(Collected data entries)
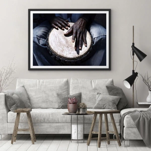 Plagát v čiernom ráme - Ruky hrajúce na bubne djembe v rytmickej hre - 50x70cm - Žite vo svojom rytme - Moderná nástenná dekorácia do obývacej izby a spálne ARTTOR
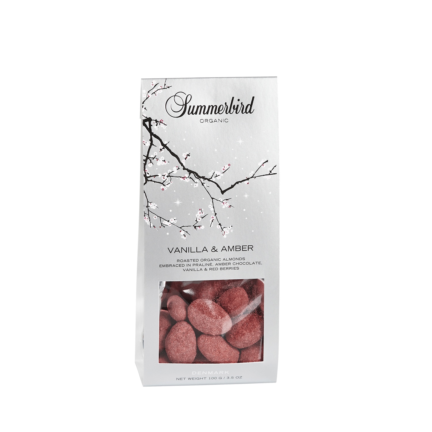 Summerbird Vanilla & Amber er en raffineret kombination af let ristede spanske mandler, sprød krokant og praliné, overtrukket med prisvindende Amber Classic-chokolade. De fine mandler afrundes med et strejf af vanilje og røde bær, som giver en harmonisk balance mellem sødme, friskhed og dyb chokoladesmag.
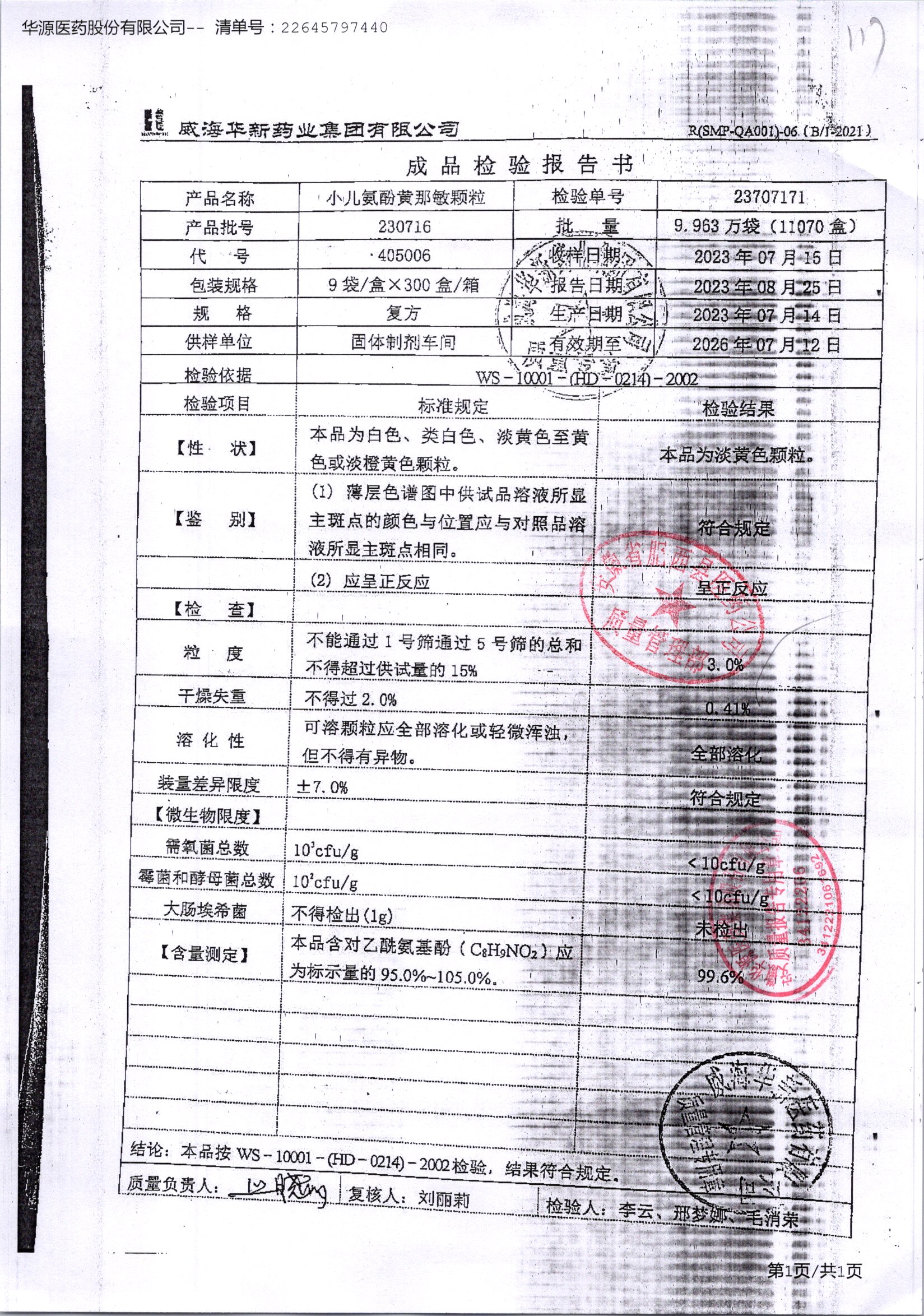 小儿氨酚黄那敏颗粒 | 9袋 | 230716 | 查看详情 |
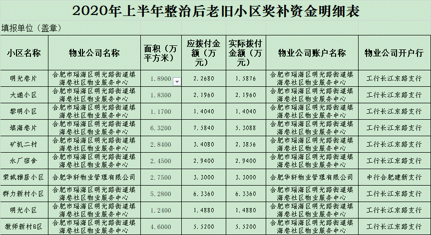 2020年上半年整治后老旧小区奖补资金明细表 |
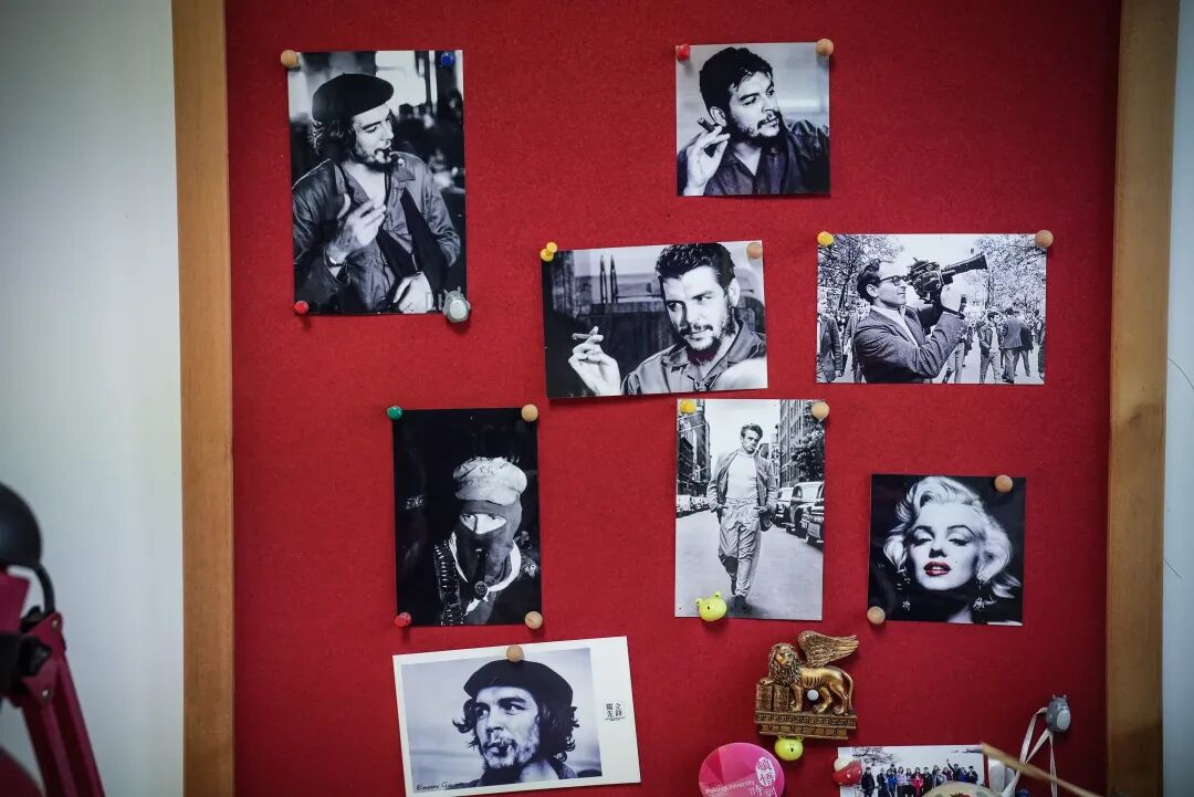 戴锦华书桌旁的软木板上贴着她的“偶像”切·格瓦拉的照片。北京日报客户端记者武亦彬摄
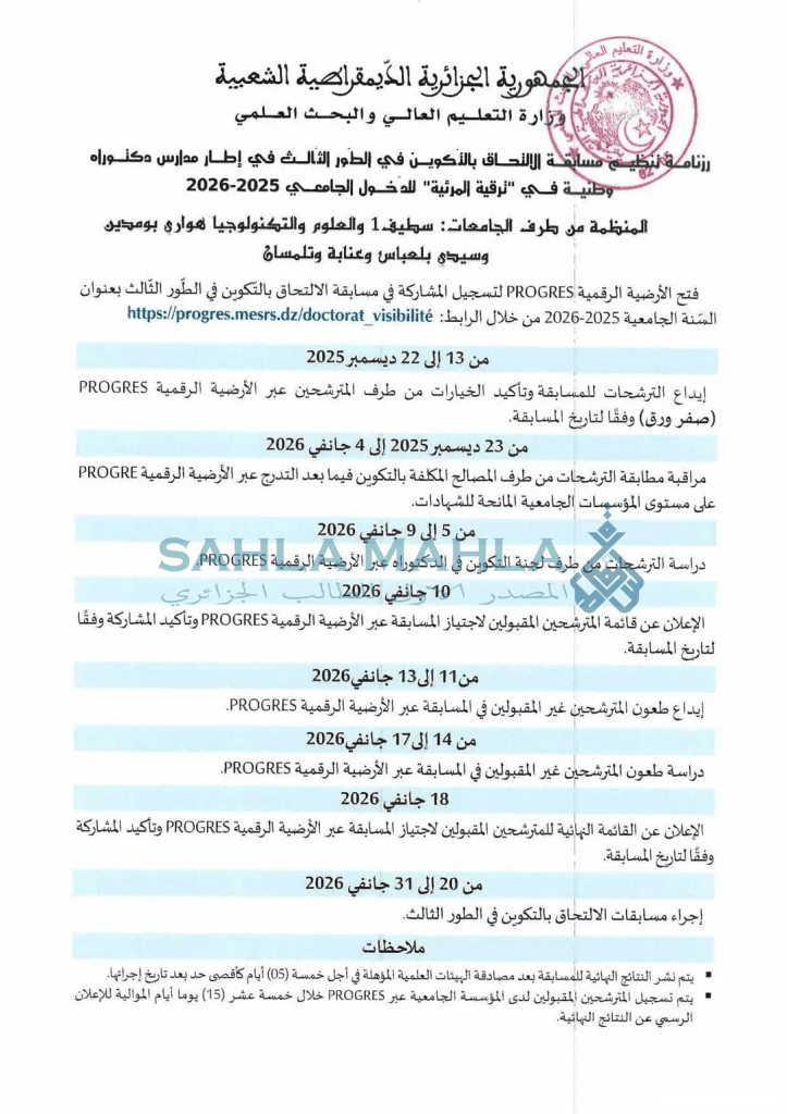 تحضير مسابقات الإلتحاق بالتكوين في الطور الثالث بعنوان السنة الجامعية 2025/2026

WHAT IS EXPECTED –
Every line above should be returned exactly; the pictures stay out.

FINAL ANSWER –
 Plagát v čiernom ráme - Ruky hrajúce na bubne djembe v rytmickej hre - 50x70cm - Žite vo svojom rytme - Moderná nástenná dekorácia do obývacej izby a spálne ARTTOR
 Summerbird Vanilla & Amber er en raffineret kombination af let ristede spanske mandler, sprød krokant og praliné, overtrukket med prisvindende Amber Classic-chokolade. De fine mandler afrundes med et strejf af vanilje og røde bær, som giver en harmonisk balance mellem sødme, friskhed og dyb chokoladesmag.
 小儿氨酚黄那敏颗粒 | 9袋 | 230716 | 查看详情 |
 2020年上半年整治后老旧小区奖补资金明细表 |
 戴锦华书桌旁的软木板上贴着她的“偶像”切·格瓦拉的照片。北京日报客户端记者武亦彬摄
 تحضير مسابقات الإلتحاق بالتكوين في الطور الثالث بعنوان السنة الجامعية 2025/2026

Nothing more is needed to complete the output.